GIVEN DATA:
-- -- --
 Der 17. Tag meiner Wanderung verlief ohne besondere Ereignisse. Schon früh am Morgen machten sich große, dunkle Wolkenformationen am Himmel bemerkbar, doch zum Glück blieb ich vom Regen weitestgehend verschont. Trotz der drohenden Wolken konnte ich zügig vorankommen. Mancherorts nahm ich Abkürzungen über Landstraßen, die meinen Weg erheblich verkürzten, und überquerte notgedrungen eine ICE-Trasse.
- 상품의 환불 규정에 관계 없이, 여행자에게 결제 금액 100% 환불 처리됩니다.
-- -- --
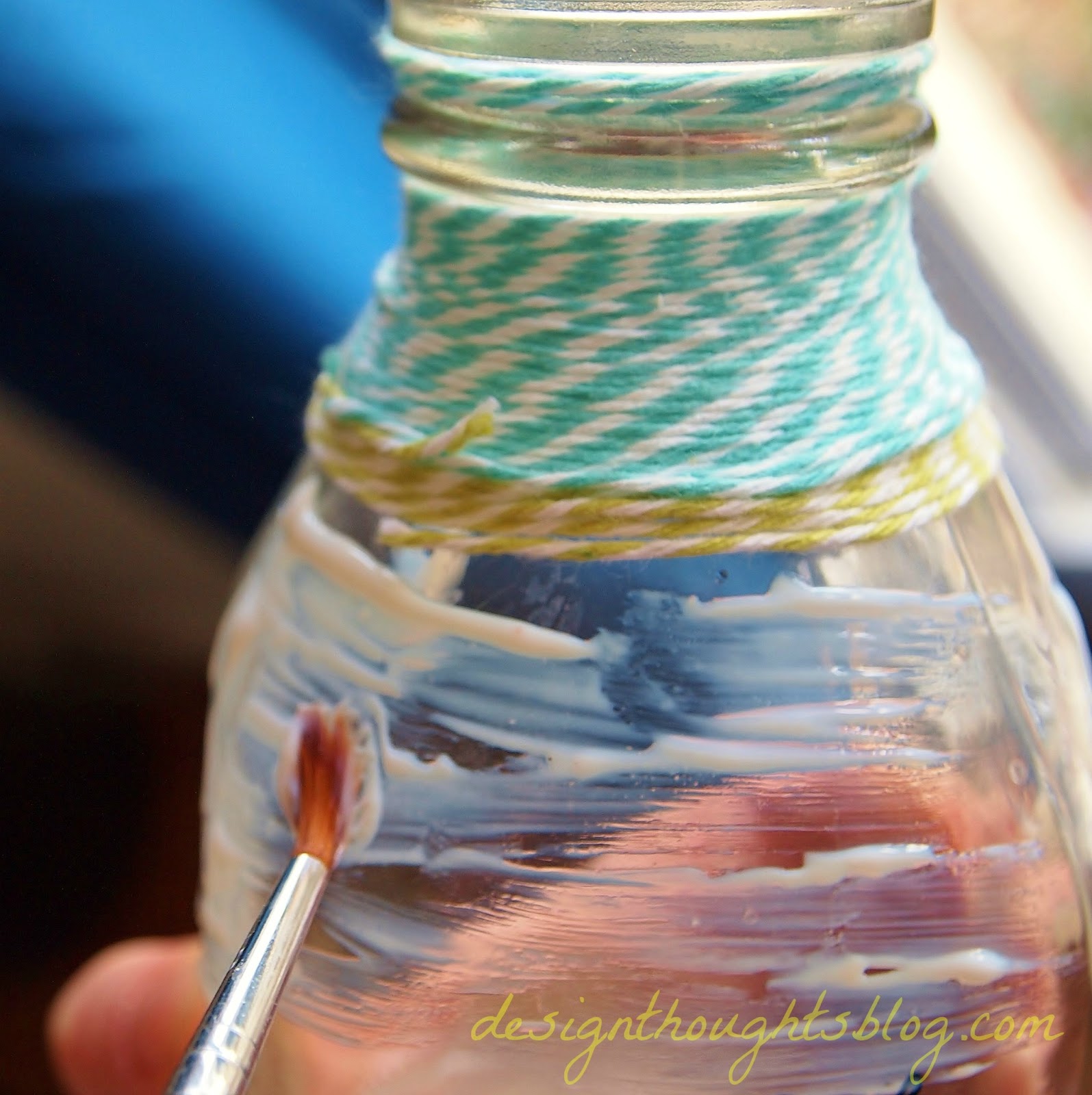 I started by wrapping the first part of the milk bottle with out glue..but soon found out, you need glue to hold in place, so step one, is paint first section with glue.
-- -- --
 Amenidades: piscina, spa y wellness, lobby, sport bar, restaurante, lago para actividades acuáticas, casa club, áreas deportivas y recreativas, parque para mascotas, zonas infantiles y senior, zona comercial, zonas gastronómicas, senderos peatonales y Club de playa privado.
-- -- --
WHAT THIS TASK INVOLVES: Return, with no change at all, every line in the entries above from the line containing "Der 17. Tag" through the line containing "- 상품의 환불 규정에".

REPLY TO THE EXERCISE:
 Der 17. Tag meiner Wanderung verlief ohne besondere Ereignisse. Schon früh am Morgen machten sich große, dunkle Wolkenformationen am Himmel bemerkbar, doch zum Glück blieb ich vom Regen weitestgehend verschont. Trotz der drohenden Wolken konnte ich zügig vorankommen. Mancherorts nahm ich Abkürzungen über Landstraßen, die meinen Weg erheblich verkürzten, und überquerte notgedrungen eine ICE-Trasse.
- 상품의 환불 규정에 관계 없이, 여행자에게 결제 금액 100% 환불 처리됩니다.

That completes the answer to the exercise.